▸ **What to do**
Copy the lines below exactly, starting at the one with "一次性手套加厚款透明薄膜手套PE烘焙餐饮薄膜加厚PE手套批发手套" and ending at the one with "The overall layout", and leave out any picture.

▸ **Supplied information**
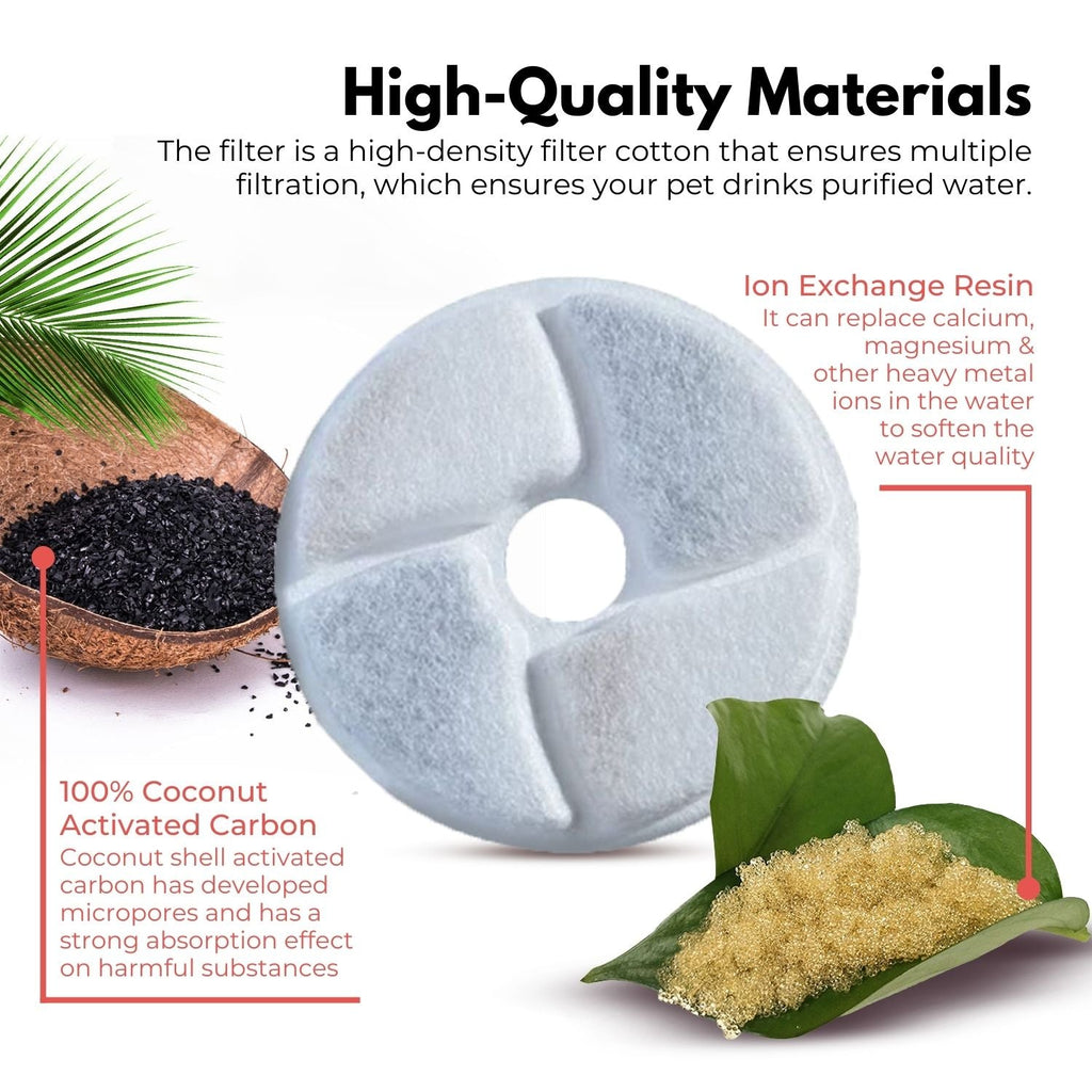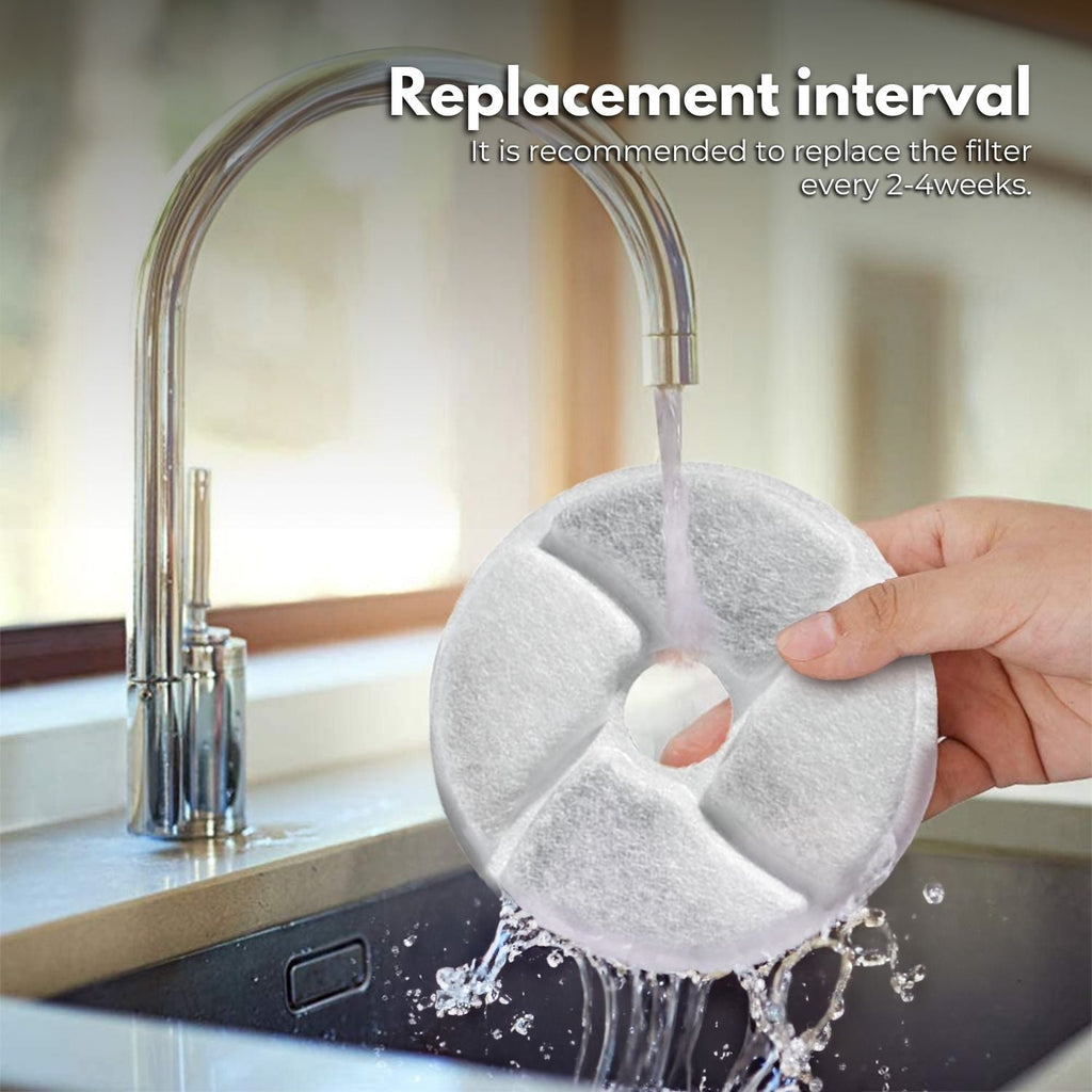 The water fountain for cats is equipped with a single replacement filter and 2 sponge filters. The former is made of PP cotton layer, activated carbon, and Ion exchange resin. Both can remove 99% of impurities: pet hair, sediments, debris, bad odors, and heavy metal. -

---

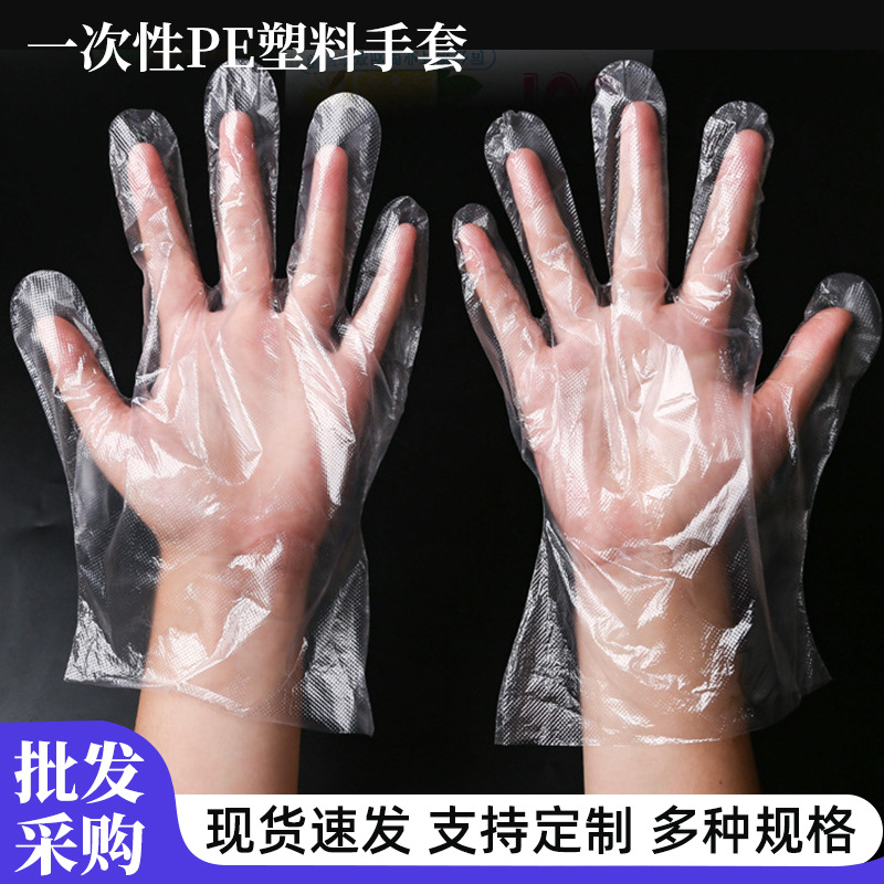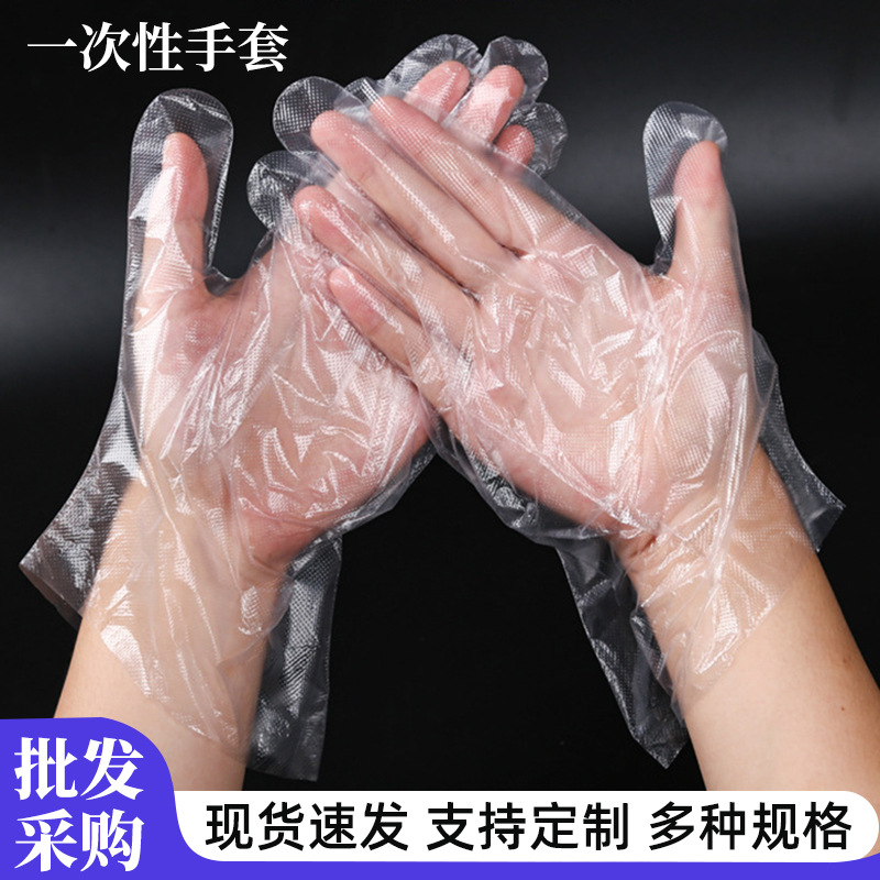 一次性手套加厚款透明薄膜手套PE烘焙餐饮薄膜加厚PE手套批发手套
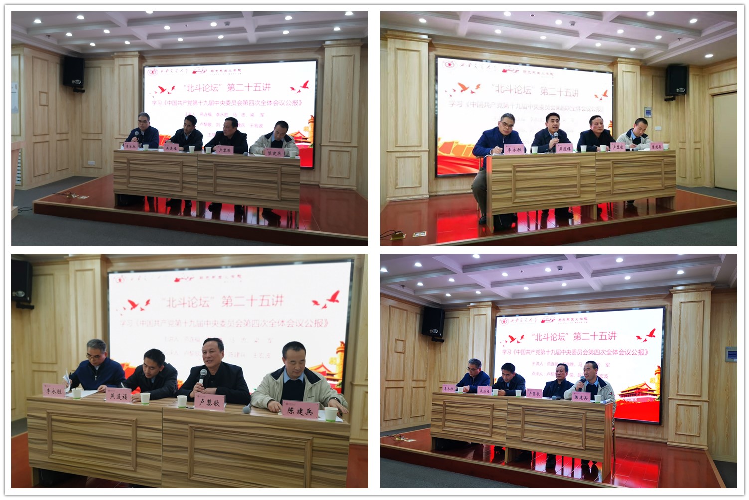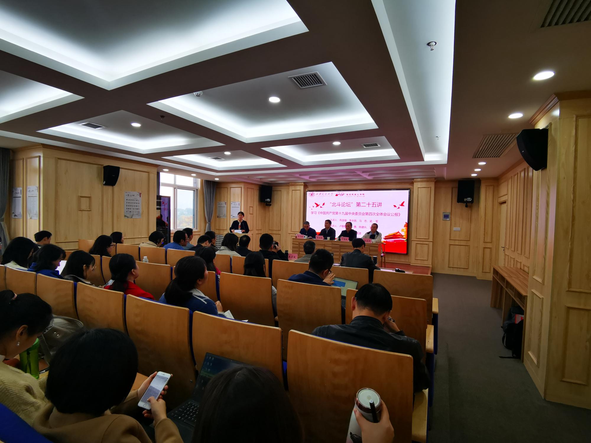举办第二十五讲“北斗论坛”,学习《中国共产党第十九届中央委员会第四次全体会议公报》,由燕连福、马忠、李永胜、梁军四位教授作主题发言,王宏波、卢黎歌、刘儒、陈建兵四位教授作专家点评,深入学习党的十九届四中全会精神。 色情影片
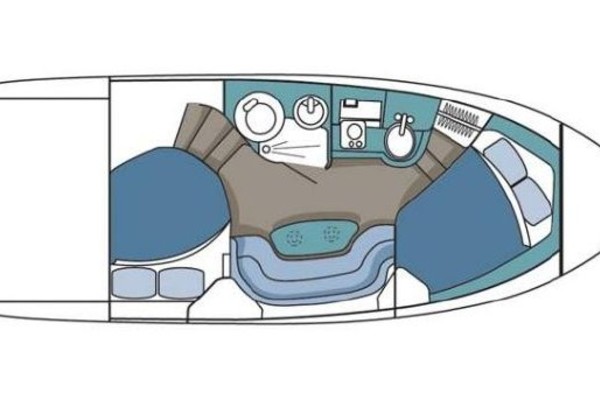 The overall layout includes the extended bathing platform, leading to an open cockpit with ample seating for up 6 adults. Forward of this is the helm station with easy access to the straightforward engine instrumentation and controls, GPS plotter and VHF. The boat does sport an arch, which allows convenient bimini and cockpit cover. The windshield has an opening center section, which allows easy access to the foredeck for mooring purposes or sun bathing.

▸ **Solution for this problem**
 一次性手套加厚款透明薄膜手套PE烘焙餐饮薄膜加厚PE手套批发手套
举办第二十五讲“北斗论坛”,学习《中国共产党第十九届中央委员会第四次全体会议公报》,由燕连福、马忠、李永胜、梁军四位教授作主题发言,王宏波、卢黎歌、刘儒、陈建兵四位教授作专家点评,深入学习党的十九届四中全会精神。 色情影片
 The overall layout includes the extended bathing platform, leading to an open cockpit with ample seating for up 6 adults. Forward of this is the helm station with easy access to the straightforward engine instrumentation and controls, GPS plotter and VHF. The boat does sport an arch, which allows convenient bimini and cockpit cover. The windshield has an opening center section, which allows easy access to the foredeck for mooring purposes or sun bathing.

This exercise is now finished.